Business Continuity and Cohesiveness

With on-premise solutions, any unforeseen change to operations — such as a systems outage or rapid shift in work location — represents significant complexity and risk, often resulting in lost productivity and downtime. As illustrated by the Covid-19 pandemic, businesses need the ability to quickly accommodate remote work to keep agents productive while providing safe working conditions. With a cloud-based contact center solution, agents, supervisors and administrators can continue to serve customers from anywhere with an internet connection, saving the company countless hours in lost productivity while delivering a higher level of customer care.

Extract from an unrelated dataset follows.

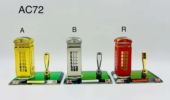This London Telephone Box Crystal Display with Pen Holder features a detailed crystal-style replica of the iconic British telephone box, mounted on a solid base with an integrated pen holder. Finished with fine detailing and classic London branding, it offers a practical yet stylish London souvenir, ideal for desks, offices, or gift displays. Available in multiple colour options.

Do You Need to Manage Your Own Contact Center?

To many, taking on the responsibility of managing one’s own contact center sounds like a daunting task; however, with modern, scalable and adaptable cloud-based call center software, organizations now have far more opportunity to fully own and define the customer experience that is appropriate for their brand.

Create a Simpler, More Efficient Contact Center with CxEngage

Whether it’s due to scalability, reliability, or business continuity requirements, the clear benefits of a cloud-based contact center have provided organizations a compelling reason to reassess their operations and opportunities to reduce cost and complexity while still elevating the customer experience. And due to the global Covid-19, there’s a pressing need to let agents work from home, adding to the multitudes of reasons to implement modern contact center solutions that provide flexibility without sacrificing productivity.